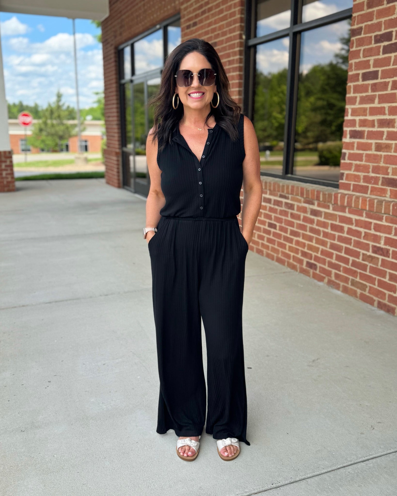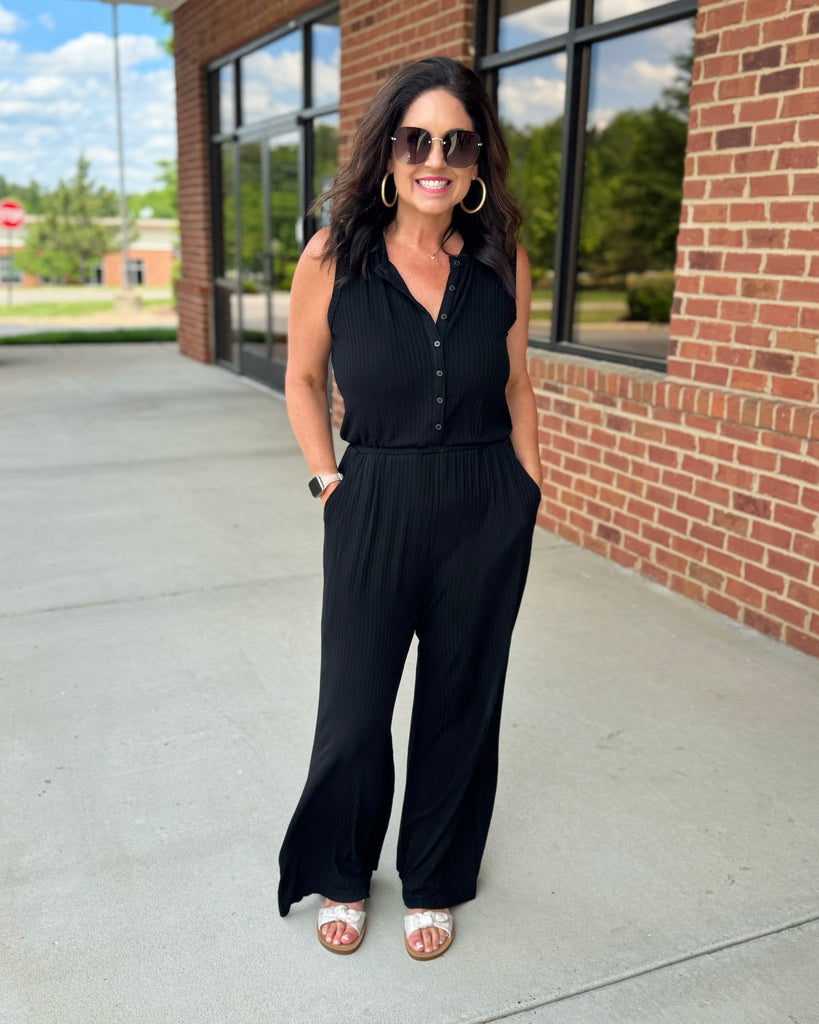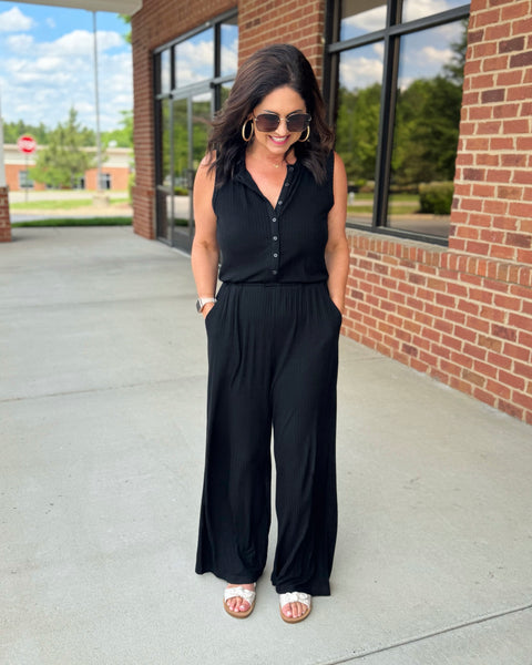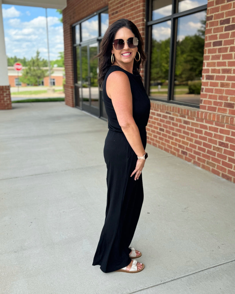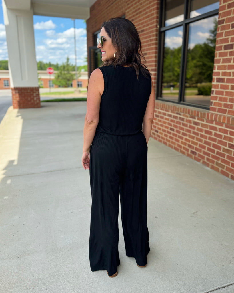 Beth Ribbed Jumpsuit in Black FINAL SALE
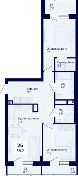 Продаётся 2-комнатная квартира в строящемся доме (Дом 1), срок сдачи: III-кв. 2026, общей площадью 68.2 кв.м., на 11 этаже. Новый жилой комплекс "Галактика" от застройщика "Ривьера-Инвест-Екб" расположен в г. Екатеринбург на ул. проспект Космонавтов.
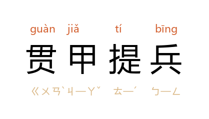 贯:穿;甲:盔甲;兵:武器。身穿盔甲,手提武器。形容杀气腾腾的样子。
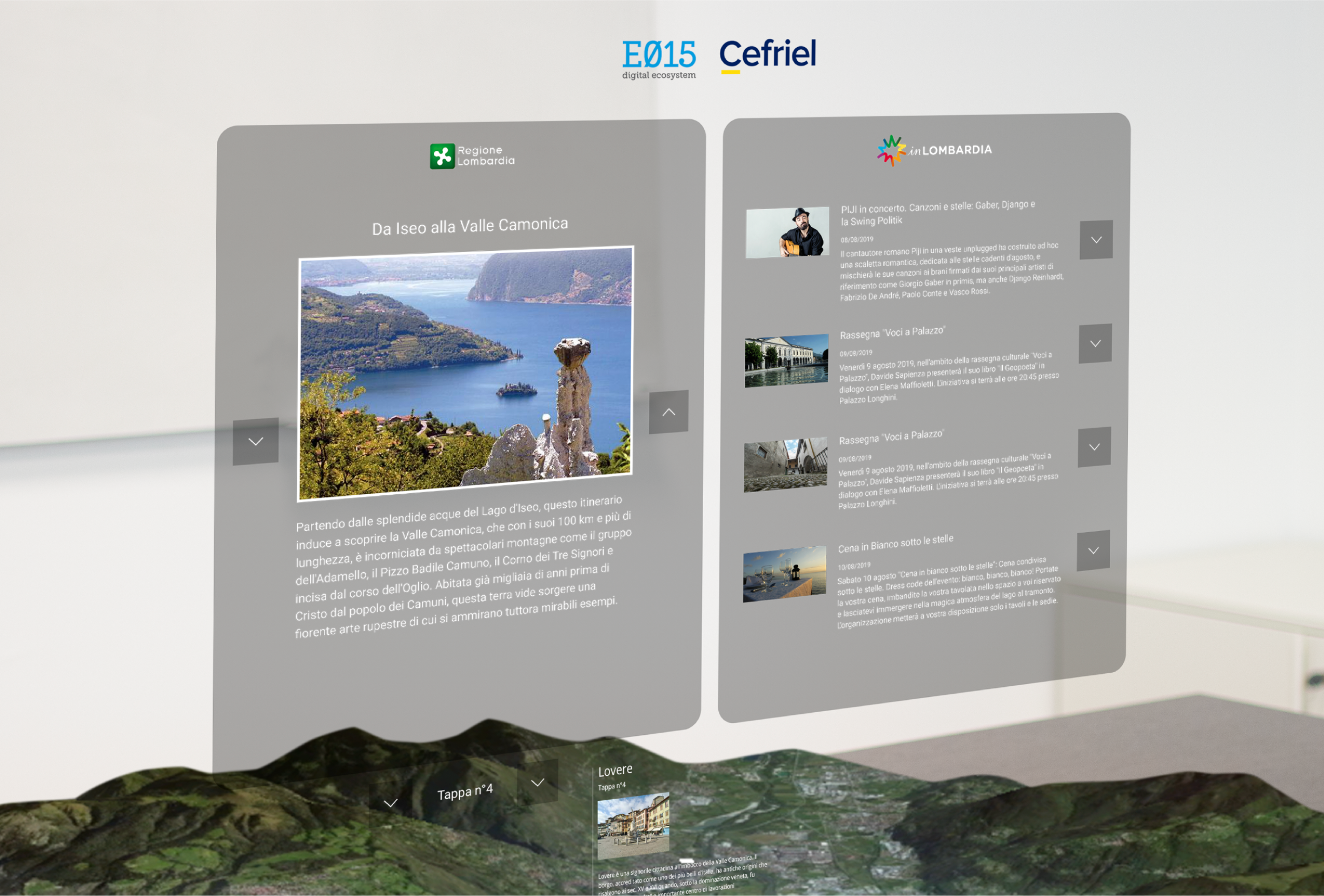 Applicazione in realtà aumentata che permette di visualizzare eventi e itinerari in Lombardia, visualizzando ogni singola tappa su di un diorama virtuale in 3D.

--------------------------------

▶ **The task**
The answer should be an exact copy of the material, with its pictures removed.

▶ **Exercise result**
 Beth Ribbed Jumpsuit in Black FINAL SALE
 Продаётся 2-комнатная квартира в строящемся доме (Дом 1), срок сдачи: III-кв. 2026, общей площадью 68.2 кв.м., на 11 этаже. Новый жилой комплекс "Галактика" от застройщика "Ривьера-Инвест-Екб" расположен в г. Екатеринбург на ул. проспект Космонавтов.
 贯:穿;甲:盔甲;兵:武器。身穿盔甲,手提武器。形容杀气腾腾的样子。
 Applicazione in realtà aumentata che permette di visualizzare eventi e itinerari in Lombardia, visualizzando ogni singola tappa su di un diorama virtuale in 3D.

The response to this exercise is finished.